Manage access to cloud storage using Unity Catalog (2024)

  • Documentation
  • Connect to data sources
  • Connect to cloud object storage and services using Unity Catalog
  • Manage access to cloud storage using Unity Catalog

This article gives an overview of how to use Unity Catalog to manage access to cloud storage from Databricks. It introduces the concepts of external location, storage credential, and managed storage.

Note

If you want to use Unity Catalog to govern access to an external service rather than cloud storage, see Manage access to external cloud services using service credentials.

External locations and storage credentials

All data that is governed by Unity Catalog must be in cloud storage in your cloud provider account. Unity Catalog governs access to cloud storage using a securable object called an external location, which defines a path to a cloud storage location and the credentials required to access that location. Those credentials are, in turn, defined in a Unity Catalog securable object called a storage credential. By granting and revoking access to external location securables in Unity Catalog, you control access to the data in the cloud storage location. By granting and revoking access to storage credential securables in Unity Catalog, you control the ability to create external location objects.

Here’s a little more detail about these two securable objects:

  • A storage credential represents an authentication and authorization mechanism for accessing data stored on your cloud tenant, using an IAM role for S3 buckets or an R2 API token for Cloudflare R2 buckets. Privileges granted in Unity Catalog control which users and groups can use the credential to define external locations. Permission to create and use storage credentials should only be granted to users who need to create external location objects. See Create a storage credential for connecting to AWS S3 and Create a storage credential for connecting to Cloudflare R2.

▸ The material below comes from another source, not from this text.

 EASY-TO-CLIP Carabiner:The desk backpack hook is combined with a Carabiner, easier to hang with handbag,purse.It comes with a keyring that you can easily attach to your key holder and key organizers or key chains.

  • An external location combines a cloud storage path with a storage credential that authorizes access to the cloud storage path. Privileges granted in Unity Catalog control which users and groups can access the cloud storage path defined by the external location. Permission to create and use external locations should only be granted to users who need to create external tables, external volumes, or managed storage locations. See Create an external location to connect cloud storage to Databricks.

External locations are used in Unity Catalog both for external data assets, like external tables and external volumes, and for managed data assets, like managed tables and managed volumes. For more information about the difference between external and managed data assets in Unity Catalog, see What are tables and views? and What are Unity Catalog volumes?.

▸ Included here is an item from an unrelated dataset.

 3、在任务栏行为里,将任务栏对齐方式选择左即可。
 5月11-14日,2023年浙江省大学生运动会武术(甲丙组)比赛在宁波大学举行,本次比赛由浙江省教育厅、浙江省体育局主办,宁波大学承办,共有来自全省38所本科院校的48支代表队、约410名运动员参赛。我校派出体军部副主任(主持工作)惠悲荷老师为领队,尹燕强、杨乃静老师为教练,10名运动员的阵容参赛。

To learn about best practices for using external locations, see Manage external locations, external tables, and external volumes.

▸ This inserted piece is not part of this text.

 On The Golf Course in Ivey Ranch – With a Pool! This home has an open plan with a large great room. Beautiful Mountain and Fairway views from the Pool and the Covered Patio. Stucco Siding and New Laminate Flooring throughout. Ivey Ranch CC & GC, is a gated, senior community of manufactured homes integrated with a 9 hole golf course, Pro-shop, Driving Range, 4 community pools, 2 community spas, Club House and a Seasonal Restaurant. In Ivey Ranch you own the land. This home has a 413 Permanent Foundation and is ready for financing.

Using external locations when you create external tables and volumes

External tables and external volumes registered in Unity Catalog are essentially pointers to data in cloud storage that you manage outside of Databricks. When you create an external table or external volume in Unity Catalog, you must reference a cloud storage path that is included in an external location object that you have been granted adequate privileges on. For more information about the difference between external and managed data assets in Unity Catalog, see What are tables and views? and What are Unity Catalog volumes?. For privileges, see Grant permissions on an external location.

Using external locations when you create managed storage

Managed tables and managed volumes are fully managed by Unity Catalog. They are stored by default in a managed storage location, which can be defined at the metastore, catalog, or schema level. When you assign a managed storage location to a metastore, catalog, or schema, you must reference an external location object, and you must have adequate privileges to use it. See Specify a managed storage location in Unity Catalog and Unity Catalog best practices.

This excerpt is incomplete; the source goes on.